Establishing a Deductible for FEMA’s
Public Assistance Program

AGENCY:

Federal Emergency
Management Agency, DHS.

SUMMARY:

“The Federal Emergency Management Agency (FEMA) is considering the establishment of a disaster deductible, requiring a predetermined level of financial or other commitment from a Recipient (Grantee), generally the State, Tribal, or Territorial government, before FEMA will provide assistance under the Public Assistance Program when authorized by a Presidential major disaster declaration. FEMA believes the deductible model would incentivize Recipients to make meaningful improvements in disaster planning, fiscal capacity for disaster response and recovery, and risk mitigation, while contributing to more effective stewardship of taxpayer dollars. For example, Recipients could potentially receive credit toward their deductible requirement through proactive pre-event actions such as adopting enhanced building codes, establishing and maintaining a disaster relief fund or self-insurance plan, or adoption of other measures that reduce the Recipient’s risk from disaster events. The deductible model would increase stakeholder investment and participation in disaster recovery and building for future risk, thereby strengthening our nation’s resilience to disaster events and reducing the cost of disasters long term. FEMA seeks comment on all aspects of the deductible concept.”

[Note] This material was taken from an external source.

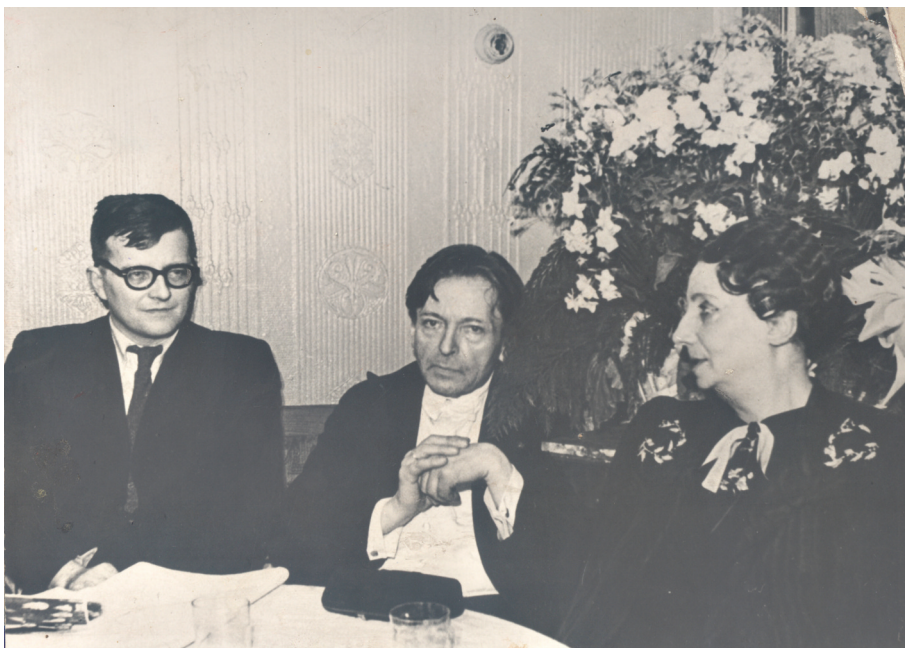
George Enescu alături de Maruca și D. Chostakovici. Fotografie alb-negru (Patrimoniul MNIR).

George Enescu with Maruca and D. Șostakovici in Moscow. Black-and-white photo. (MNIR patrimony).

In regards to the deductible:

“Consistent with the principles of the Stafford Act that assistance from the Federal Government is supplemental in nature and that every recipient of disaster assistance has some measureable capacity to independently respond, FEMA is considering the establishment of a disaster ‘‘deductible.’’ To ensure a Recipient’s participation in recovery from disaster losses, following receipt of a major disaster declaration authorizing the Public Assistance Program, the Recipient(s) would be required to demonstrate it has satisfied a predetermined deductible amount before FEMA would provide assistance through a Project Worksheet for eligible Public Assistance work. FEMA would intend for the calculation of the deductible level for each Recipient to be published periodically and to be representative of Recipient capability. In addition to considering how to calculate a deductible amount, FEMA is considering what means by which a Recipient could demonstrate it has satisfied a deductible requirement, including through completion of FEMA- eligible projects entirely with its own funding, or through other Recipient activities for which FEMA would calculate an appropriate credit against the deductible. FEMA might provide a credit toward the deductible, for example, for a Recipient’s prior adoption of a building code that reduces risk; for adoption of proactive fiscal planning such as establishing a disaster relief fund or a self-insurance fund; or investment in programs of assistance available when there is not a federal declaration.”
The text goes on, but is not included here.